Pero Dao insiste tornando a su padre del brazo. Niccolò intercambia una mirada cómplice con el muchacho. Ambos arrastran al viajero hasta la calleja tras el canal. Unos caballos les aguardan, ya ensillados. Siguiendo al trote a sus guías por las calles de Venecia, Marco atraviesa San Bortolomio, pasa por el Rialto, continúa a lo largo de las Mercerie. Finalmente, llegan al barrio de San Giovanni Crisostomo. Dao y Niccolò descabalgan ante una gran y hermosa mansión, adornada con arcos bizantinos. Marco los imita. Sin decir palabra, Dao llama a la puerta. Ésta se abre y aparece Pietro Tártaro, que despliega una gran sonrisa.

—Estáis en vuestra casa —anuncia Dao Zhiyu—. Niccolò y Matteo la compraron durante vuestro cautiverio. Entrad.

Impaciente, Niccolò precede a Marco. Atraviesan un patio rodeado de arcadas moriscas. En el centro, una amplia fuente recubierta de mosaicos multicolores desgrana su apaciguadora melodía. Todo el conjunto tiene mucha semejanza con un caravasar.

—Estamos muy cerca de la plaza de San Marco y a dos pasos del Rialto. Y he aquí tus aposentos —dice Niccolò abriendo una puerta decorada a la bizantina—. Por un lado dan al patio y por el otro al canal. De momento, sólo hemos hecho instalar el mobiliario, aguardamos tus órdenes para arreglarlo de acuerdo con tu gusto.

—Sería la primera vez, padre mío.

—Te he echado de menos, Marco.

Marco deposita el manuscrito en una mesa de pies retorcidos y lo abre al azar.

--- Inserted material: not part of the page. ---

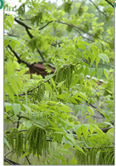
Pecan flowers

This tree is typically grown in a designated area of the yard because of its mature size and spread. It does best in full sun to partial shade. It is very adaptable to both dry and moist locations, and should do just fine under average home landscape conditions. It is not particular as to soil pH, but grows best in rich soils. It is somewhat tolerant of urban pollution. This species is native to parts of North America.
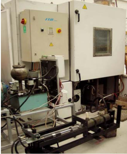
Figure 1. The test room

—¿Qué es eso? —pregunta Niccolò.

—En la cárcel he escrito mi historia, la del Gran Kan. Pero me la robaron. Eso es sólo una mala copia.

—¿Quién te la robó?

—Esos perros genoveses. Los mongoles no eran peores que ellos; no tan arteros, en todo caso.

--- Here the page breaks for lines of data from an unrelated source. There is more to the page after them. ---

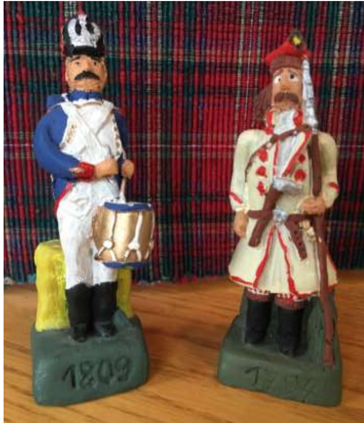
Fig. 5 Polish soldier of Napoleon's Grand Army and a Tadeusz Kosciuszko freedom fighter of 1794
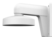
DS-1273ZJ-135 Wall mount
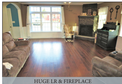
HUGE LR & FIREPLACE

Located at 304 Wissler Rd. New Holland Pa. 17557
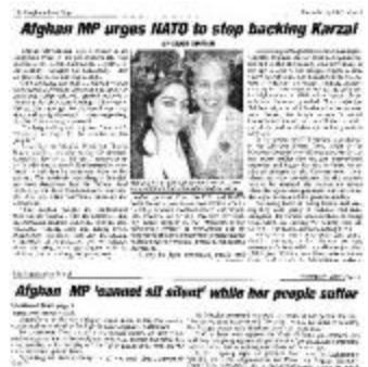
[Newspaper article titled, Afghan MP urges Nato to stop backing Karzai] (2022_01_01_03_017)
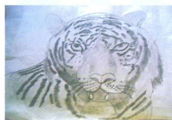
S. Tejaswini V B
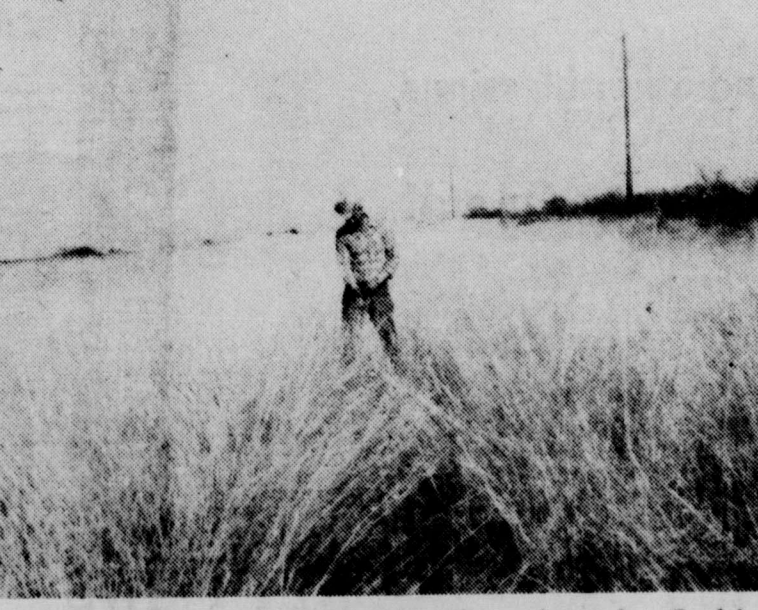
COMPLETED WATERWAY-This photo shows Joe Coufal, Soil Conservation Service employee, examining an excellent stand of K. R. Bluestem in Recie Womack's waterway. This waterway was mulched with cotton burrs and seeded to grass

—Deja ya de preocuparte por el manuscrito. ¿Qué buscas, a fin de cuentas?

—Debo cumplir mi juramento, eso es todo.

—¿Qué vale la palabra dada a un mongol, por muy emperador que fuese?

Marco calla, atónito. Niccolò prosigue:

—Haz como yo, aprovecha los momentos de vida que te quedan. Tú y yo somos unos supervivientes. Hemos atravesado las llamas del infierno y permanecemos en pie aún. Es la única verdad que importa. En Venecia, mejor es no destacar en exceso. Hemos vivido demasiado tiempo lejos de esa corte de pantanosos meandros. Tenemos bastante dinero para vivir felices. Tú tienes a Gandhali y todos los recuerdos que los griegos no se llevaron para pensar en los buenos momentos. No intentemos estropear nuestros últimos años con vanos combates.

—Pero cuando os tratan de mentiroso si decís que existe el papel moneda…

—Me río con quienes me contradicen e incluso les hago saber que, en ciertos apartados caravasares del desierto, uno podía pernoctar con todo su séquito, camellos, hombres y mercancías a cambio de un cuento, siempre que se narrara con arte.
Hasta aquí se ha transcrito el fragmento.